All of the starters we tried were superb. Ceviche is an inspired combination of lobster, squid, and avocado mixed in a gazpacho sauce thickened with banana purée. A few specks of fresh jalapeño add heat to the slightly sweet liquid scented with ginger and rum. A soup of fresh corn in a warm cream broth was almost too sweet, but we finished it without remorse. Panko-crusted soft-shell crab, served with a soft shake of jalapeño powder and a slice of grilled pineapple, could have been a meal in itself.
All of the entrées were average. The much-touted duck breast arrived at our table cool. The huge portion was presliced and sat in an equally tepid porcini sauce. To the side, a mound of crispy Brussels sprout leaves rested against an apple-fennel purée. Another entrée, a massive chicken thigh, must have been trimmed from a chicken that stood 3 feet tall. The meat was juicy, but the spice allegedly rubbed into the leg must have fallen off in the cooking process. A warm sherry sauce helped. Overall, though, it was nothing special. Same goes for the strip, which, ordered medium rare, was served medium.

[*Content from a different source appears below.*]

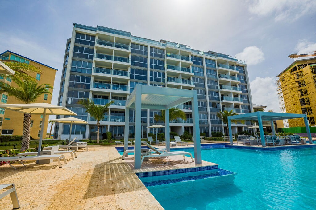Temukan tempat liburan terbaik dalam pengembangan kondominium mutakhir kami, memadukan nuansa pulau yang tenang dengan kehidupan perkotaan modern, dan keamanan 24/7 untuk ketenangan pikiran. Rasakan pemandangan laut, pelabuhan, dan matahari terbenam yang menakjubkan dari kondominium kami yang lengkap, berlokasi strategis di pusat kota Oranjestad, di seberang Renaissance Hotel yang ikonis dan dekat dengan tempat-tempat menarik. Hanya 5 menit berkendara ke Eagle Beach dan Surfside Beach yang terkenal, dan hanya 10 menit dari Palm Beach yang semarak.

At this point in our meal, our chummy waiter had disappeared. We sat with unfinished food in front of us for 20 minutes. But he came back with a joke. “Okay, my pretty ladies,” he said. “Are you ready for your main course?” Hysterical! We tried to order dessert, but he was incapable of explaining the details of a chocolate coolant with milk jam. We decided to leave.

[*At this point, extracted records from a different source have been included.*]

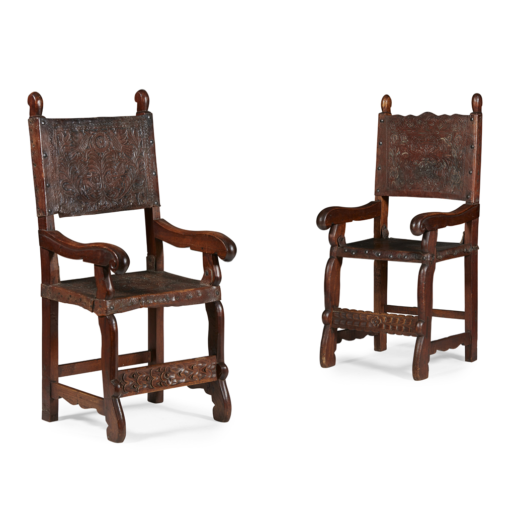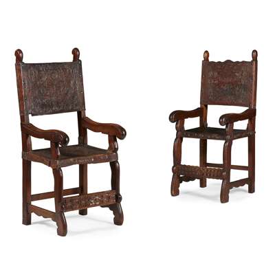 PAIR OF SPANISH OAK AND LEATHER ARMCHAIRS
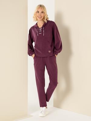 Mürdüm rengi örgü pantolon, sade ve rahat bir tasarımla dikkat çekmektedir. Düz kesimi ve yumuşak dokusuyla hem günlük kullanımda hem de evde rahatlık sunmaktadır. Kumaşının nefes alabilir yapısı, uzun süreli kullanımlarda bile konfor sağlamaktadır. Hafif ve esnek oluşu, özellikle hareket halindeyken vücudu rahatça sarmasına yardımcı olmaktadır. Pantolonun bel kısmındaki elastik yapı, farklı vücut tiplerine kolayca uyum sağlayarak kullanım kolaylığı sunmaktadır.
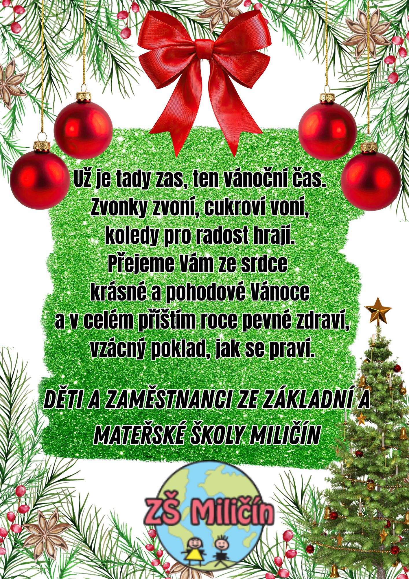 dovolte nám, abychom Vám jménem všech zaměstnanců Základní školy a Mateřské školy Miličín popřáli klidné a radostné vánoční svátky plné pohody, zdraví a krásných společných chvil s Vašimi blízkými.

Several weeks later, we returned for lunch. To my horror, we drew the same waiter. “Where did all of you beautiful ladies come from?” he asked. His unctuousness knew no bounds. However, the table of women in tennis togs drinking white wine across from us ate up his corny compliments, as did the sorority sisters at the next table.
We ordered a burger, which was a thin strip of meat at the bottom of a pile of garnish between two shiny buns. A seared tuna salad was a rectangular plate with a nice portion of tuna, but two of the pieces were untrimmed, beyond seared, and tough. A fancy-sounding panko-crusted chicken salad with watercress was embarrassingly pedestrian. Four 3-inch strips of overfried chicken rested like dark brown cigars on each side of a pile of sliced iceberg lettuce topped with crispy red tortilla strips.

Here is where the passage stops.